Among the indignities of getting older, the minute I turned 50 I started getting insulted by my mail. Where I used to get cards inviting me to special sales at my favorite stores, or theater and gallery openings, it seemed the marketeers were just waiting for me to blow out the candles on my cake before they targeted me as aging and decrepit and about to die. AARP, I don't know how they do it, but they were there before my friends and family to recognize my big day. They sent me a card reminding me I was now old and that I should join them so they could lobby on my behalf. Awesome as that might be, I am just not ready to carry around a card proclaiming my new found geriatric status.
And now I regularly receive invitations to retirement communities (as if I was in a position to retire at 50 -- not with two college tuitions still to pay); daily letters from financial planners, seeking to help me manage my pension (I can watch it lose its value all by myself, thank you); and charming letters from cemeteries, detailing the benefits of purchasing a family mausoleum.
My local hospital sends me a depressing little newsletter with articles on diabetes, heart disease, osteoporosis, and legions of other diseases. No wonder I don't sleep through the night any more. Health clubs send me brochures advertising their special over 50 classes, as if all of a sudden I am no longer capable of attending the regular classes. What, would I offend the 20somethings in Pilates? And don't even get me started on the coupons I receive for bladder control products. Really, Depends, I know where you are if I need you.
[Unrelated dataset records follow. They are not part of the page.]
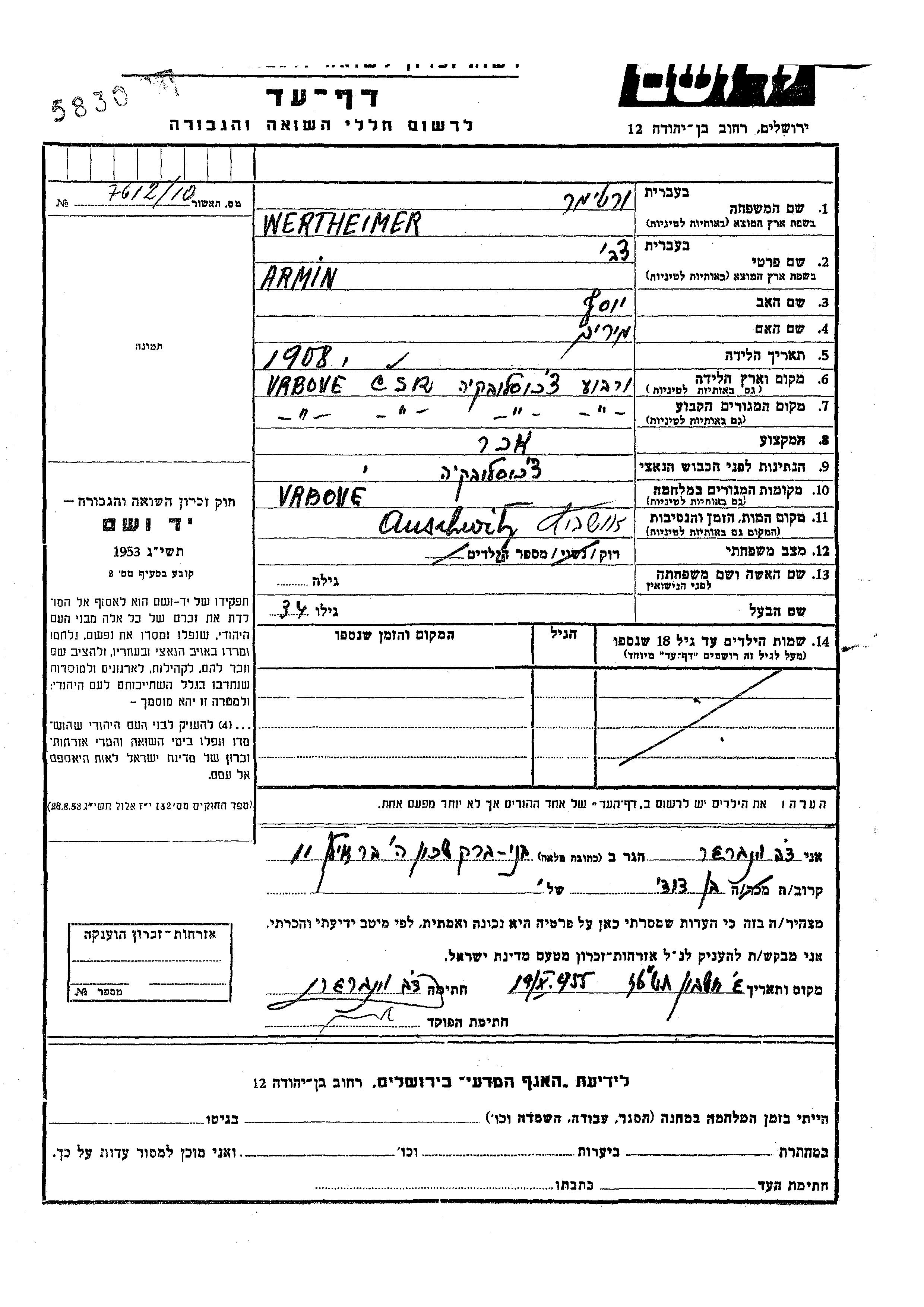 Search by name of Prewar permanent residence, Town, Village, District, Region or Country.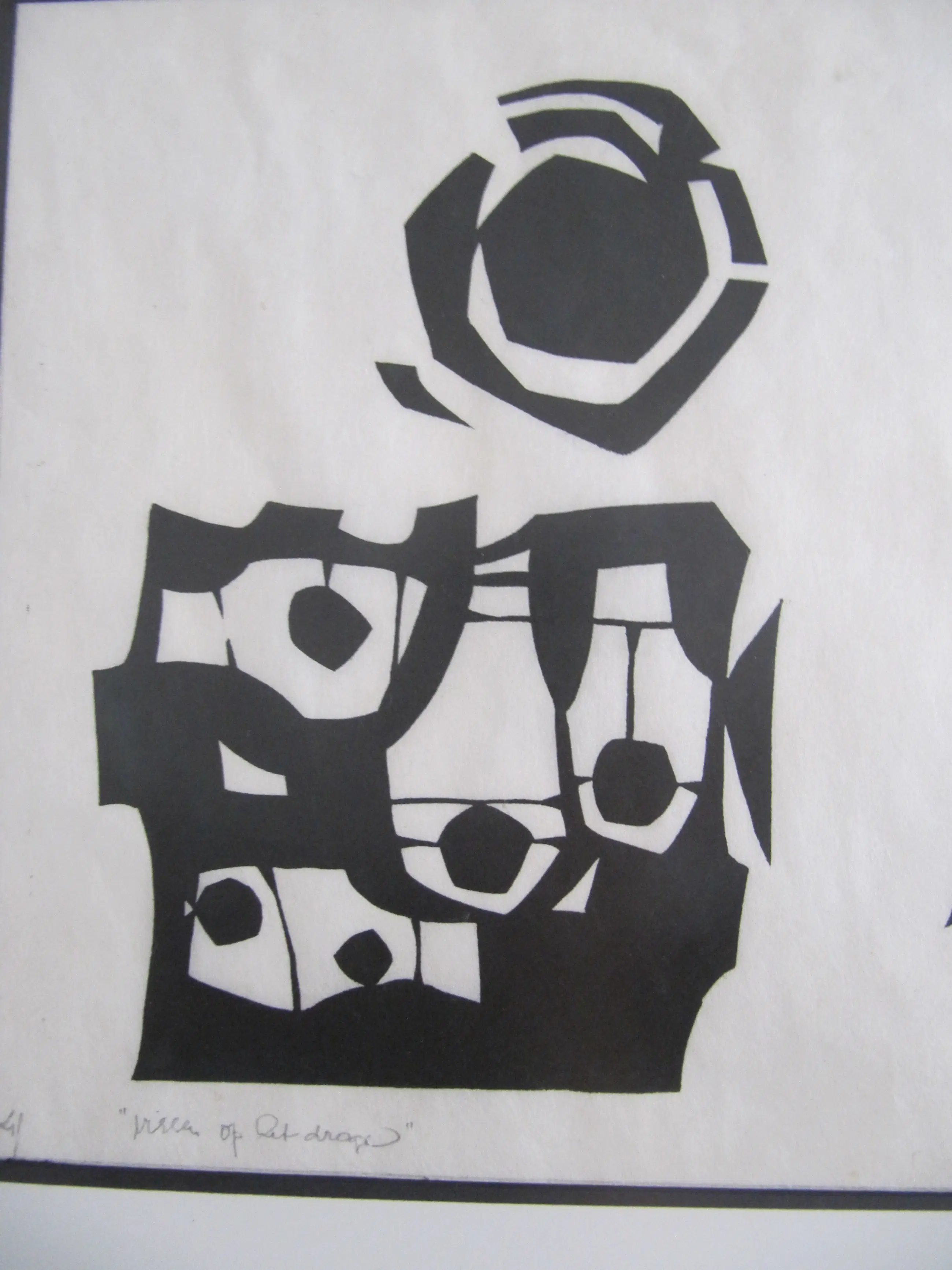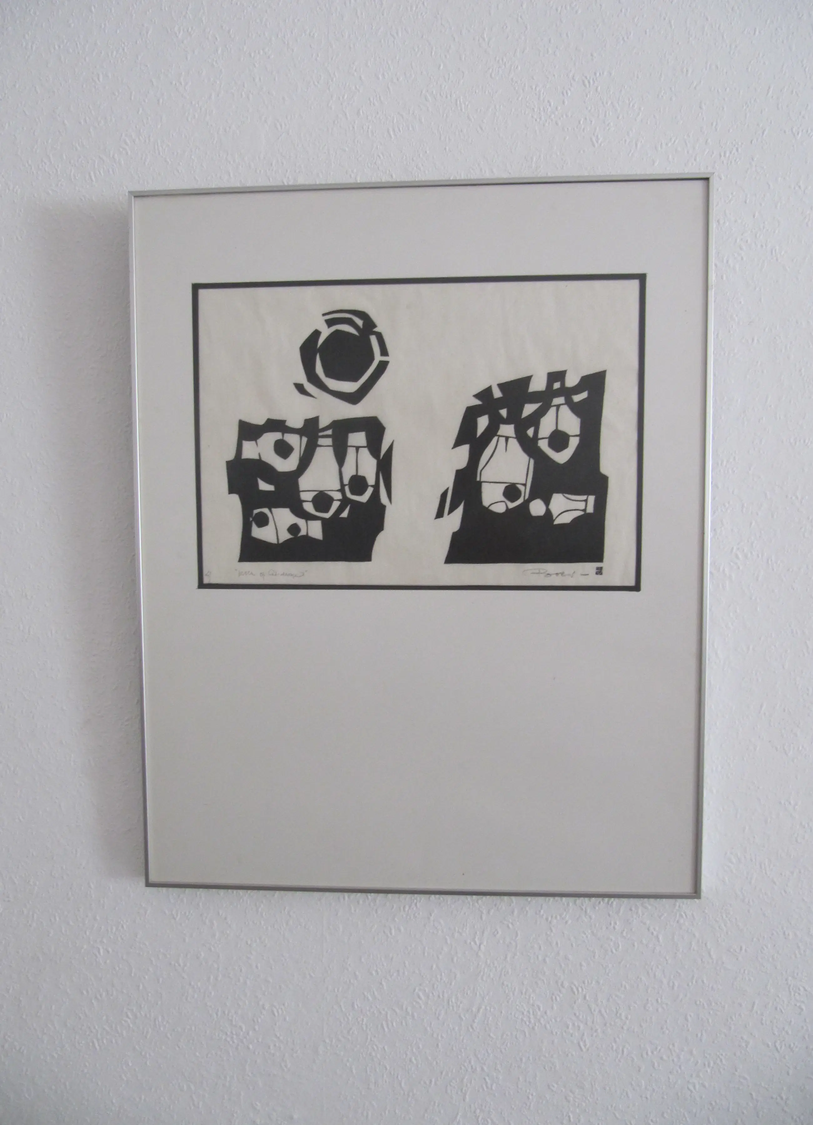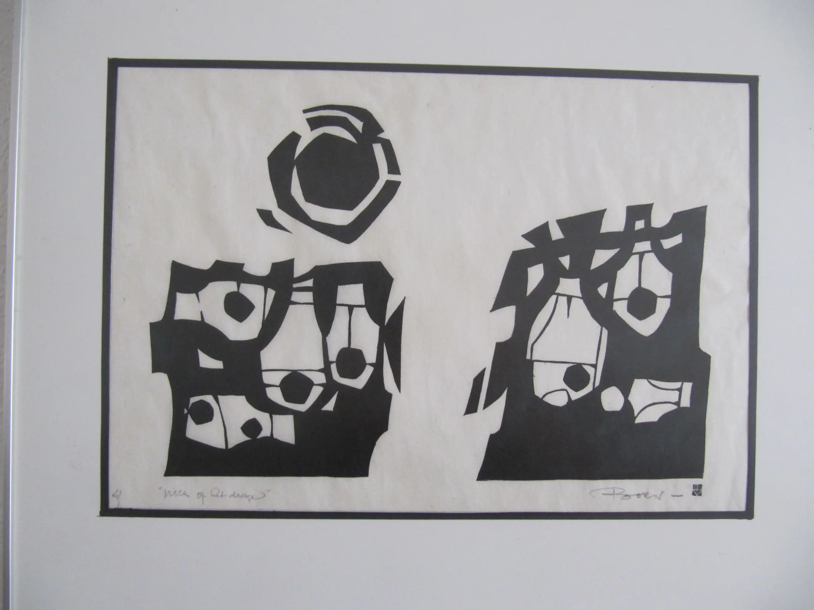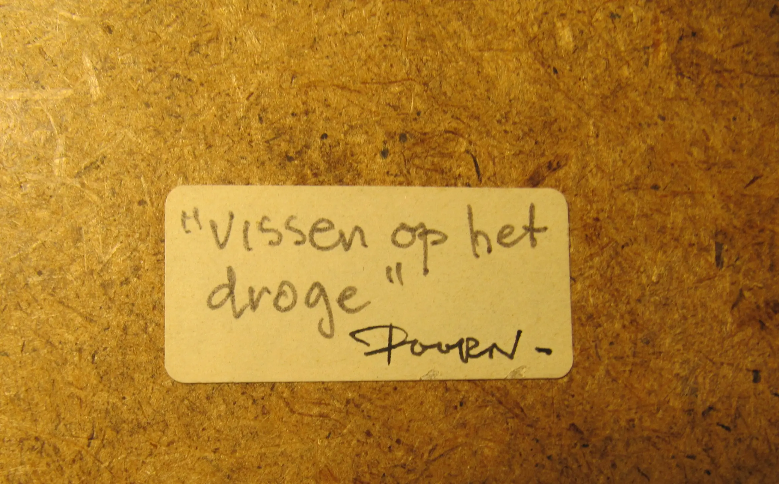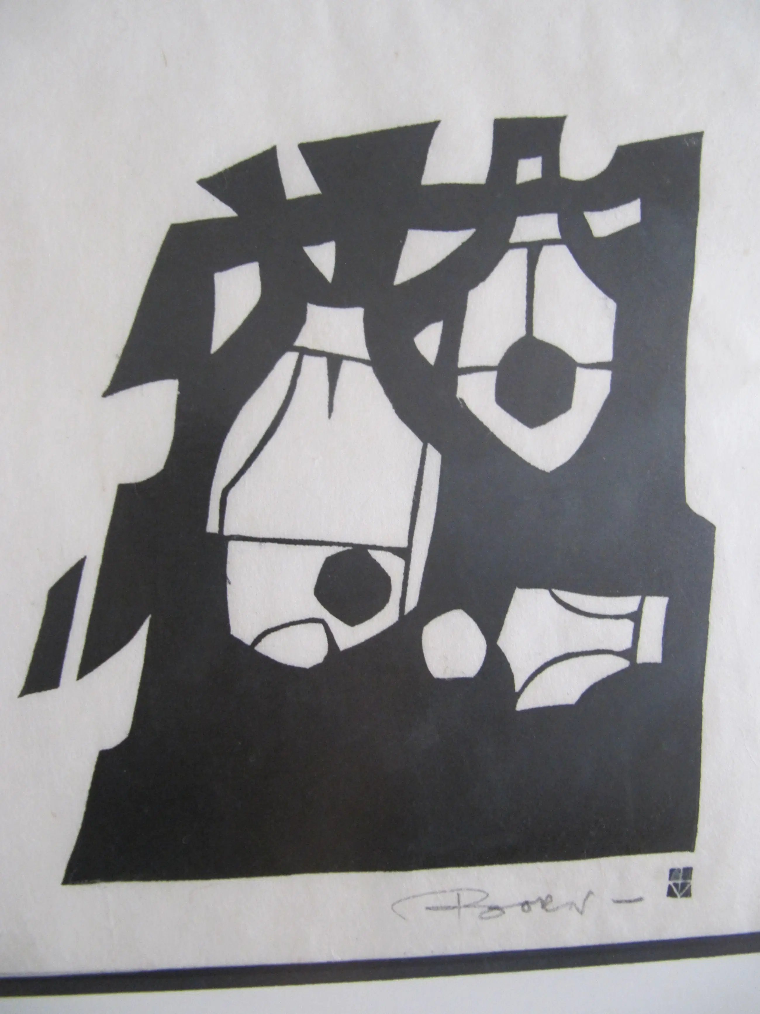 Mooie Linosnede van Jan van Doorn op Japans rijstpapier titel : 'vissen op het droge' gesigneerd ,ook nog op achterzijde sticker(zie afb 5),dus wrschlijk door kunstenaar ingelijst Oplage onduidelijk,dit is nr 4?(zie afb 4) Ingelijst Nette staat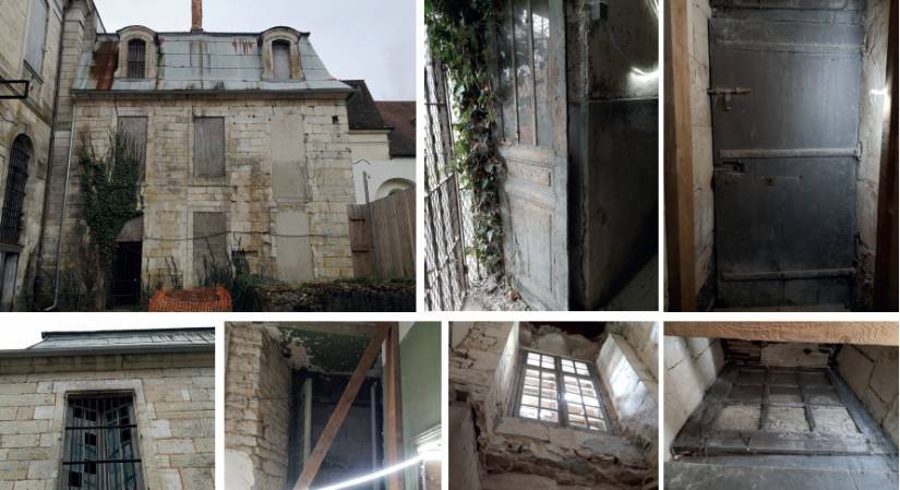 - celles du XVIIIe siècle inchangées. La plupart est altérée voire manquante. Pour ces raisons entre autres, les baies sont alors fermées par : des panneaux de bois, des panneaux translucides, des maçonneries de parpaings. Ces maçonneries masquent souvent les barreaudages défensifs encore en place en partie ou totalement selon les endroits.

Today was the last straw: a letter from a local weight loss clinic announcing their services catering to the over 50 set. So now they are calling me fat! They don't even know me! What I find funny is the way most of these advertisements portray what they think I want my golden years to look like: Me and some androgynous, toothy man on a golf course, or dancing at some fancy country club. I have never played golf, or joined a country club, and am not about to start now. Would it be so inconceivable to show a 50 year old riding a bike? Playing the guitar? Kicking back with a six pack? How about rocking a toddler to sleep? Remember how empowering it was when Helen Reddy sang, "I am woman, hear me roar?" We need a new anthem, maybe sung by Bruce Springsteen (62) Aretha Franklin (70), or even Ms. Reddy herself (70). Any suggestions? The only one I can think of is "I am 50, hear me snore." There's got to be something more inspiring than that!